WORK TO BE COMPLETED:
Directions for the data below: repeat exactly the lines from the one with "3 Bedrooms - Mamsha-A1-01-01" through the one with "Loew pump 100", both included, and omit all pictures.

MATERIAL TO PROCESS:
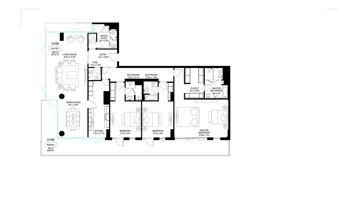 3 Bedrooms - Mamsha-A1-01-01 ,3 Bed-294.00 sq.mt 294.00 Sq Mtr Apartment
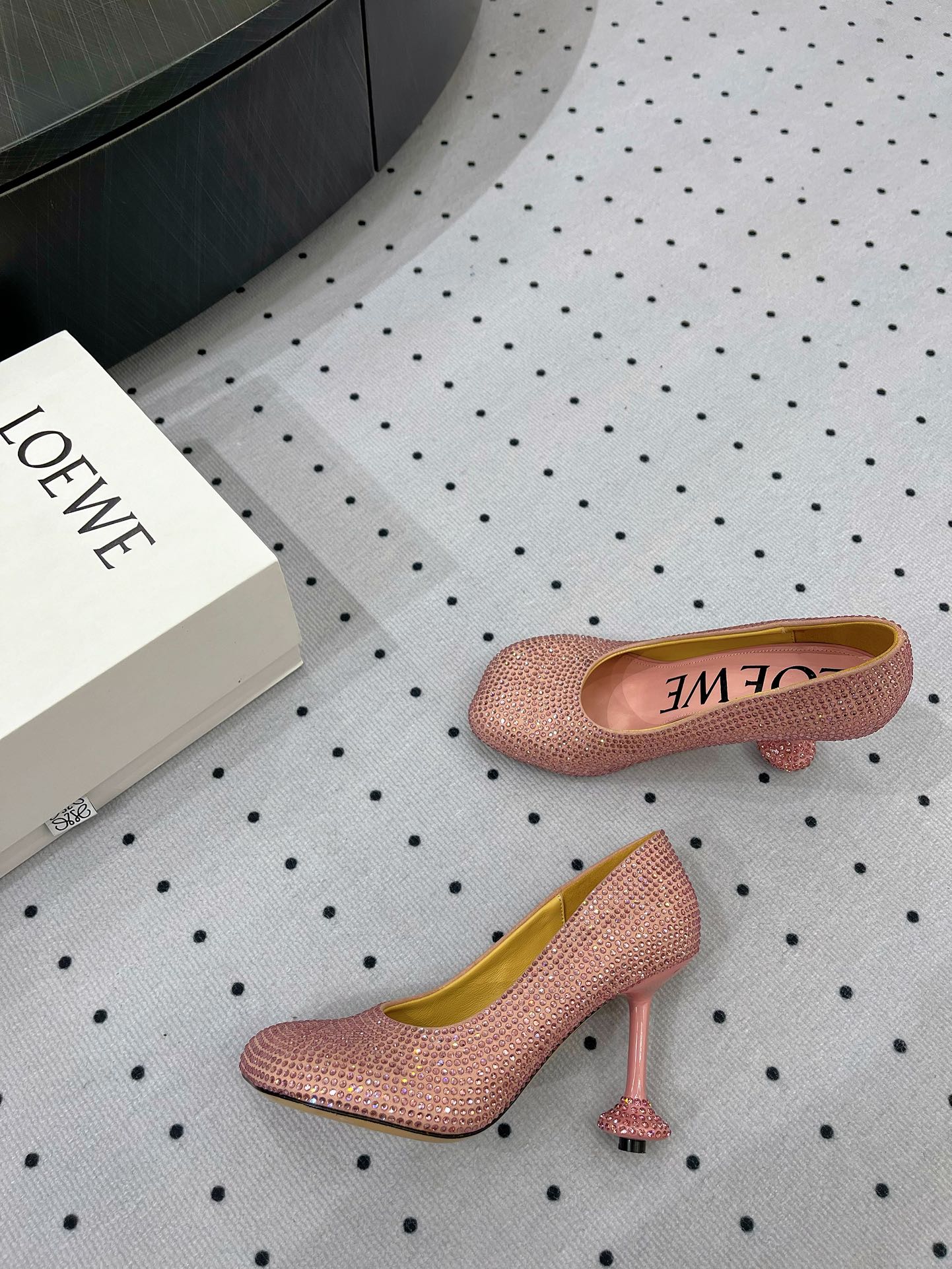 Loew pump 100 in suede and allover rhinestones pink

---

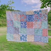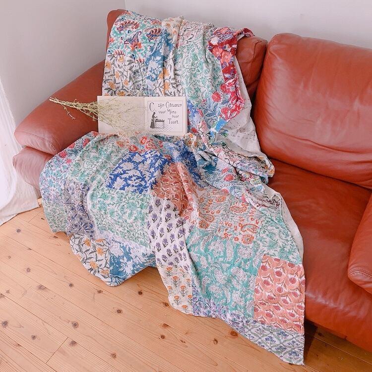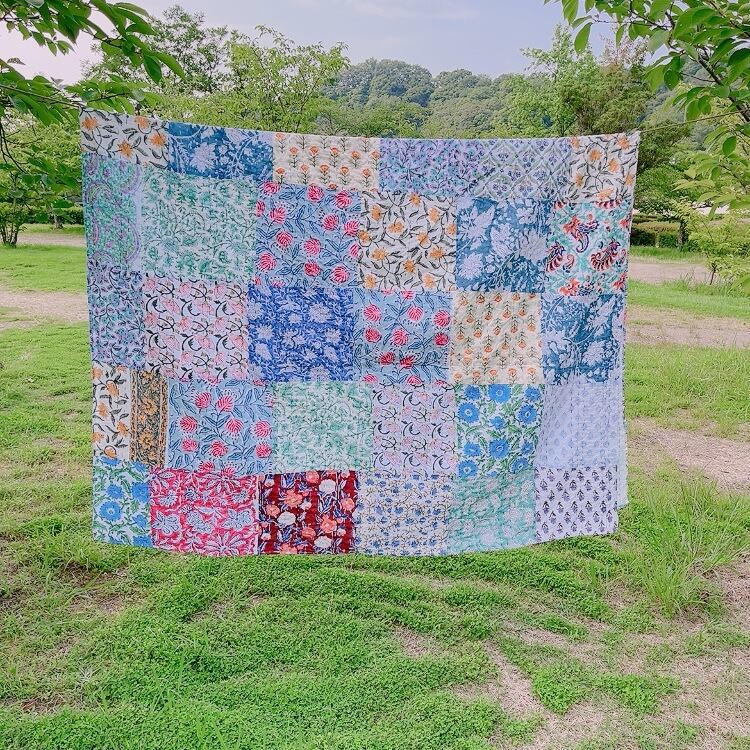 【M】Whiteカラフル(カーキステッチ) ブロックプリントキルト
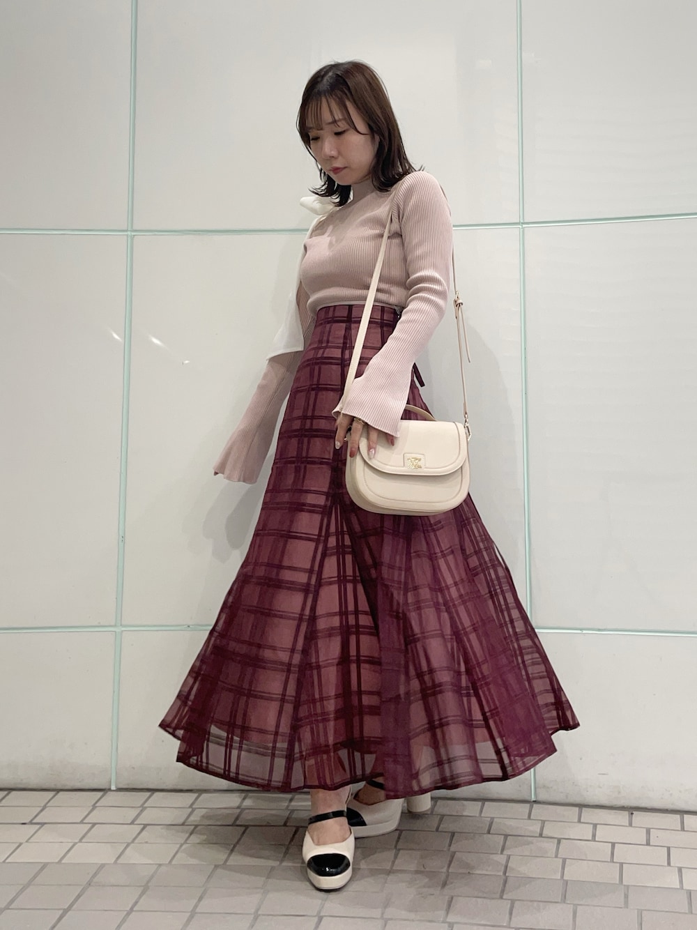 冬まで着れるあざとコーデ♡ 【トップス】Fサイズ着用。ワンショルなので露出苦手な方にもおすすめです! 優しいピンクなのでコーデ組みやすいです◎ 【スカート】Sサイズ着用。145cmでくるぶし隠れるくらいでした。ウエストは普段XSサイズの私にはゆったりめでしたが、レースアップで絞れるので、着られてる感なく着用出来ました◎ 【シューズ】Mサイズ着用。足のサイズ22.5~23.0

==

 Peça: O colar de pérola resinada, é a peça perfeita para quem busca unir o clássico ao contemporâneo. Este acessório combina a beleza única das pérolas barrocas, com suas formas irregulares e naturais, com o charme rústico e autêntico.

EXPECTED ANSWER:
 3 Bedrooms - Mamsha-A1-01-01 ,3 Bed-294.00 sq.mt 294.00 Sq Mtr Apartment
 Loew pump 100 in suede and allover rhinestones pink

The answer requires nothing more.